— Task instructions —
What is wanted is every line below from the one with "2019秋裝法式優雅蕾絲長袖上衣女時尚chic勾花鏤空網紗打底衫1入" up to and including the one with "Using intuitive mechanics, Crown", retyped exactly, pictures excluded, nothing else.

─── Data extracts

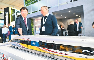 | 日前,在德國柏林軌道交通展上,中國鐵道科學(xué)研究院集團(tuán)有限公司工作人員(左)向參觀者介紹復(fù)興號(hào)高速綜合檢測列車模型。新華社發(fā) |
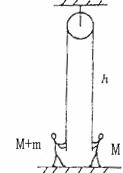 2. 质量分别为M和M+m的两个人,分别拉住定滑轮两边的绳子往上爬.开始时,两人与定滑轮的距离都是h,如图所示,设滑轮和绳子的质量及滑轮轴处的摩擦均不计。问:当质量小的人在时间t内爬到滑轮时,质量大的人与滑轮间的距离是多大?
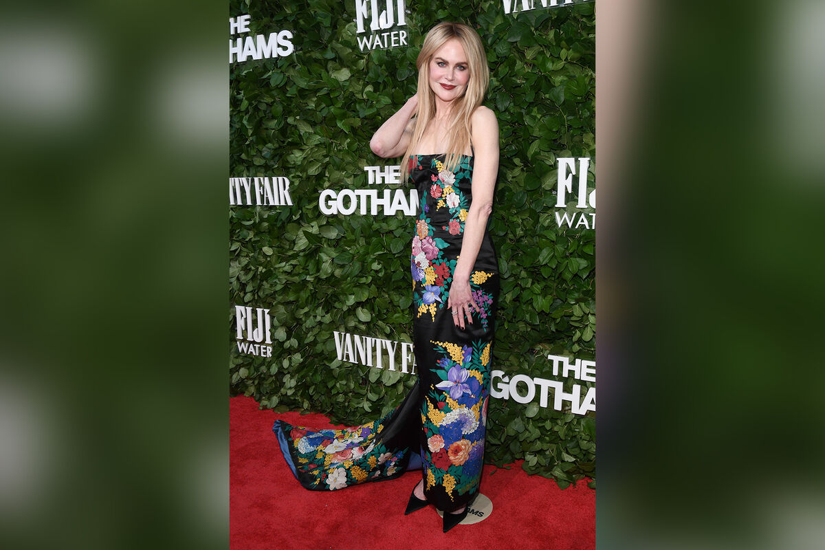 57-летняя Николь Кидман посетила церемонию вручения премии Gotham Awards 2024, которая прошла 2 декабря в Нью-Йорке. Актриса появилась на публике в черном облегающем платье-макси с цветочным принтом и длинным шлейфом. Образ знаменитости дополнили туфли на каблуках в тон, кольца и серьги. Артистка позировала на ковровой дорожке с распущенными волосами. Визажисты сделали ей макияж с черными стрелками, коричневыми тенями и бордовой помадой.
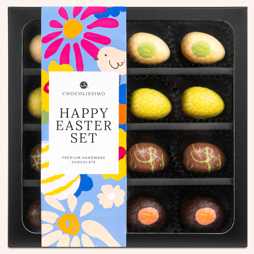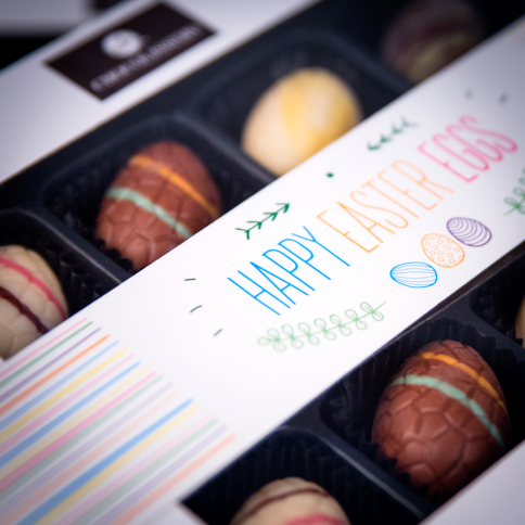 Do bílé krabičky s okénkem jsme umístili celý tucet vajec. Ale ne ledajakých vajec, jde totiž o ručně vyráběné čokoládové prlainky v podobě velikonočních kraslic. Čokoládové vajička se liší zdobením a náplní, ale spojuje je jedno - jsou dílém čokoládových mistrů střední Evropy. Letošní velikonoce budou rozhodně veselé a čokoládové o čem se přesvědčíte sami až tyto dokonalé čokoládové vajíčka ochutnáte.
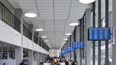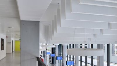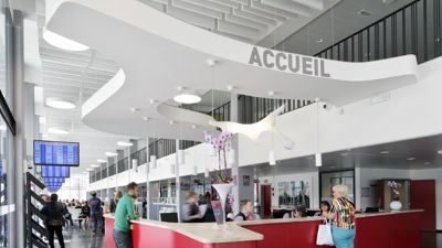L'intérieur est resté lumineux et transparent, tandis que les visiteurs repèrent facilement le guichet d'information en raison de ses formes ondulées marquantes. Patrick Vonck, architecte : "Le bâtiment est très 'carré', une particularité que nous avons compensée par d'autres formes irrégulières comme on peut le voir à l'accueil. L'endroit attire d'emblée le regard et oriente rapidement le visiteur. Les baffles Rockfon utilisés dans la salle des guichets créent eux aussi un mouvement de légère ondulation." Ils créent un excellent climat acoustique dans un environnement dominé par les matériaux durs comme le verre et le béton. "Dans cet espace public, il était vraiment nécessaire d'utiliser ce système pour amortir le bruit et renforcer ainsi le confort des personnes." Pour être précis, 782 panneaux ont été posés après les calculs du bureau d'études. Ceux-ci présentent une largeur de 1,20 m pour une hauteur de 60 cm et offrent une acoustique agréable. Outre cette qualité, ils se fondent harmonieusement dans le rythme de l'architecture. Des baffles ont également été posés dans les salles de réunion, mais ceux-ci sont de plus petites dimensions (1,20 m x30 cm), car il n'y a pas de bruit ambiant dans ces pièces.
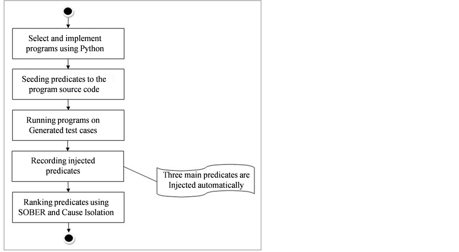 All the experiment steps were performed on a 2.20 GHz Intel core i7 MQ CPU with 8 GB physical memory running Microsoft windows 7 professional service pack 1. We implemented SOBER and Cause Isolation algorithms using Matlab R2009a. Python version that was used in writing tested programs was 2.7.10. We recorded only two types of predicates in order to monitor the programs behavior, branches and returns which were described in the previous section. Scalar pairs predicates were dropped, this dropping reduced the overhead by half without affect the localization effectiveness significantly [8] .
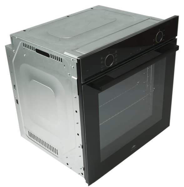 Духовой шкаф Millen MEO 6002 BB появился у нас в лаборатории в пенопластовом коробе, обтянутом полиэтиленом. По центру фронтальной части конструкция усилена прочной пластиковой планкой. Справа вверху размещена наклейка с информацией об устройстве.
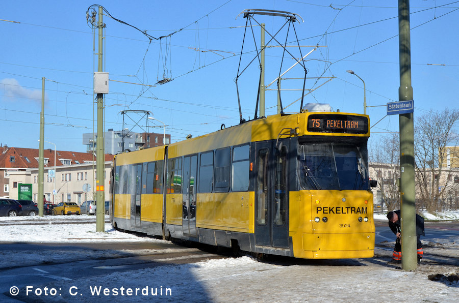 Aan het begin van vrijdagmiddag 12 februari 2021 ontspoort op de Statenlaan de 3024 met het eerste draaistel. Even later is op het middenspoor op de Laan van Meerdervoort ter hoogte van de remise Lijsterbesstraat de 3009 ontspoord
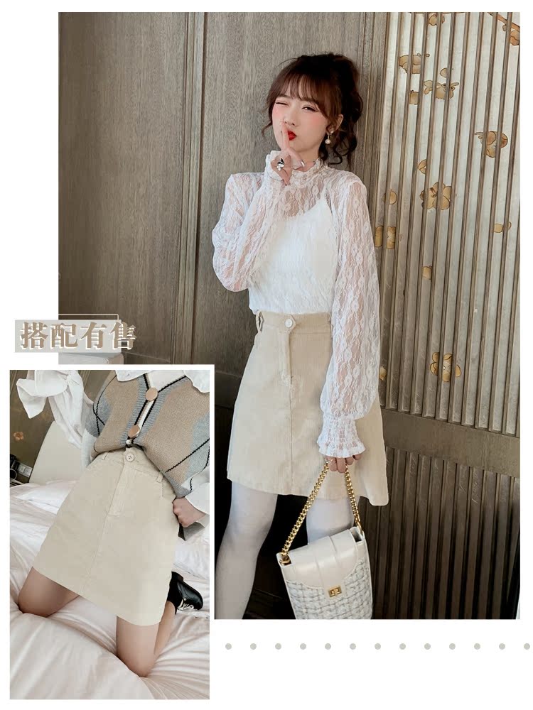 2019秋裝法式優雅蕾絲長袖上衣女時尚chic勾花鏤空網紗打底衫1入
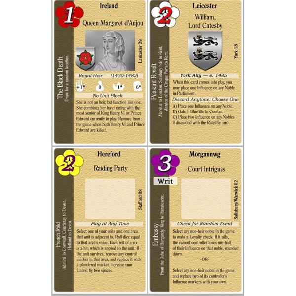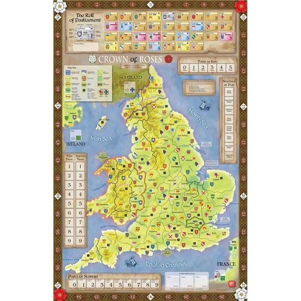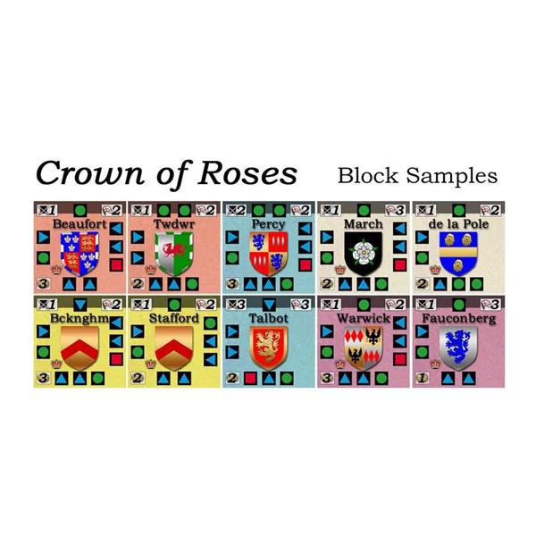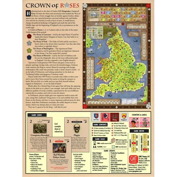 Using intuitive mechanics, Crown of Roses offers players a historical feeling with tremendous strategic depth and excellent replayability. Unit starting locations vary with each turn and even with each game, and the use of blocks creates the "fog of war" of limited intelligence on enemy strength and deployment. Random game events throw a touch of the chaos of the era into the mix, and the multiple uses for the player action cards leads to a level of uncertainty where enemy plans are concerned.
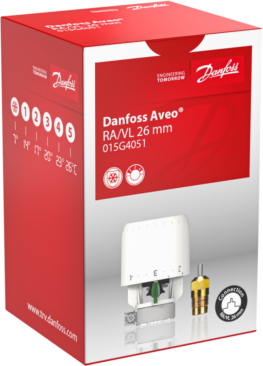 Danfoss Aveo er et omfattende program af termostatiske følere i høj kvalitet, der er produceret i Danmark. Danfoss Aveo termostater anvender en unik gasfyldt teknologi, der giver verdens hurtigst reagerende selvvirkende termostat. Danfoss Aveo termostaten installeres på en radiatorventil. Kombinationen af termostat og ventil regulerer den individuelle rumtemperatur til et ønsket niveau, ved at justere flowet af varmt vand gennem radiatoren. Danfoss Aveo termostaten kan anvendes til alle typer varmesystemer, og takket være den kompakte størrelse passer den til de fleste applikationer
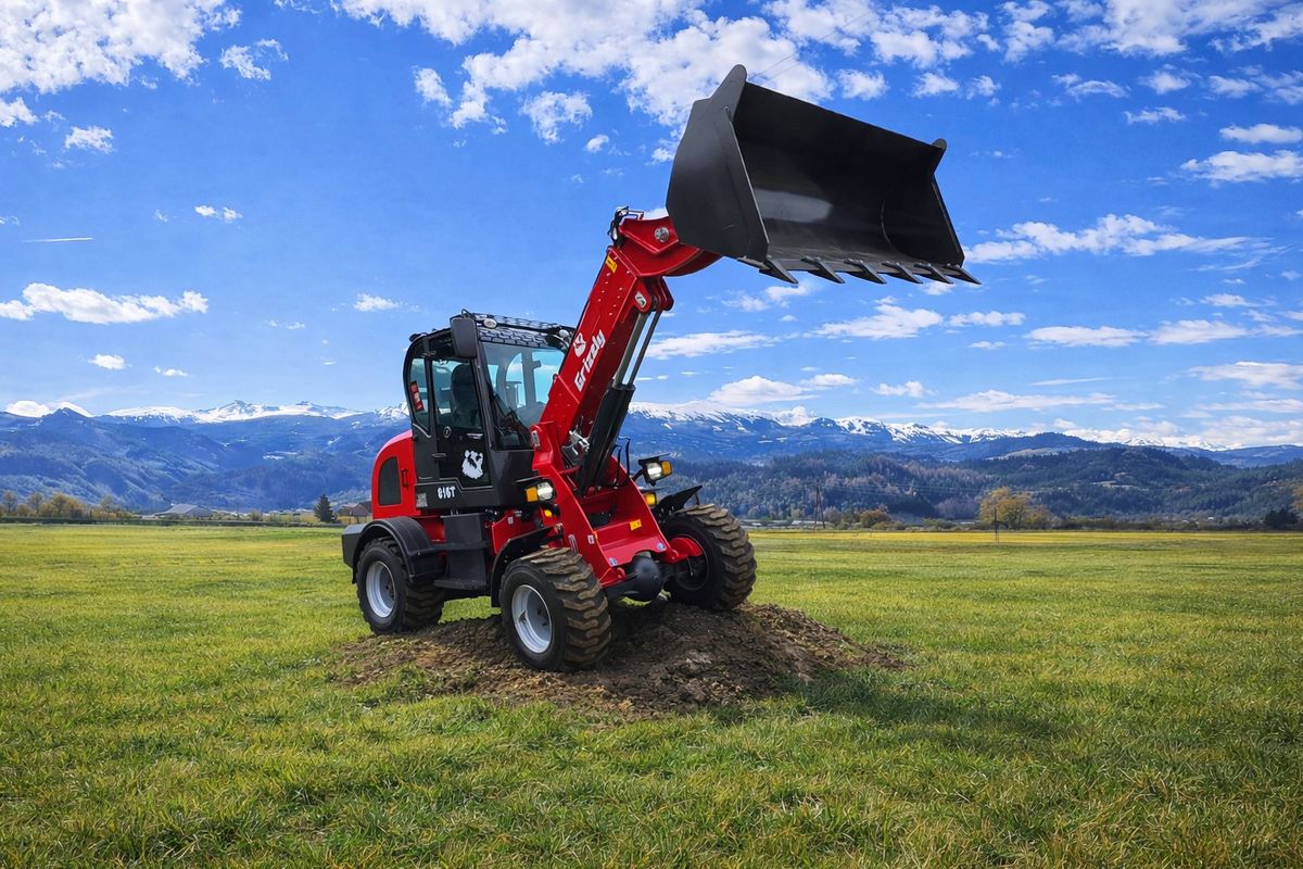 Wir verkaufen einen neuen Radlader der Marke Grizzly 810+T. Dieser Tele Lader ist ein universeller Helfer beim Bau, am Hof, im Stall bei Garten oder Landschaftsarbei
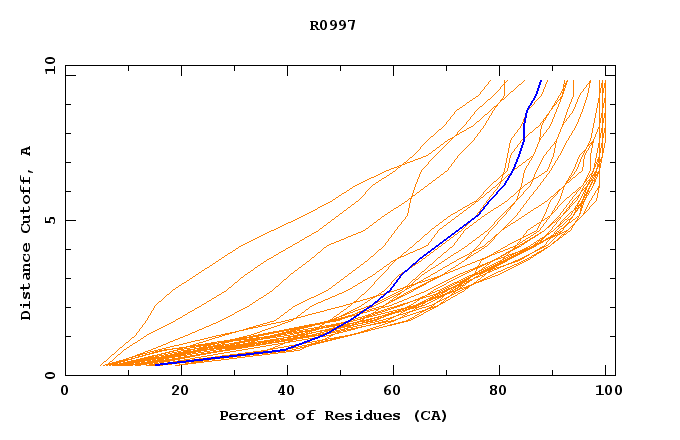 GDT analysis: largest set of CA atoms (percent of the modeled structure) that can fit under DISTANCE cutoff: 0.5A, 1.0A, 1.5A, ... , 10.0A

──────

— Result for this exercise —
 2019秋裝法式優雅蕾絲長袖上衣女時尚chic勾花鏤空網紗打底衫1入
 Using intuitive mechanics, Crown of Roses offers players a historical feeling with tremendous strategic depth and excellent replayability. Unit starting locations vary with each turn and even with each game, and the use of blocks creates the "fog of war" of limited intelligence on enemy strength and deployment. Random game events throw a touch of the chaos of the era into the mix, and the multiple uses for the player action cards leads to a level of uncertainty where enemy plans are concerned.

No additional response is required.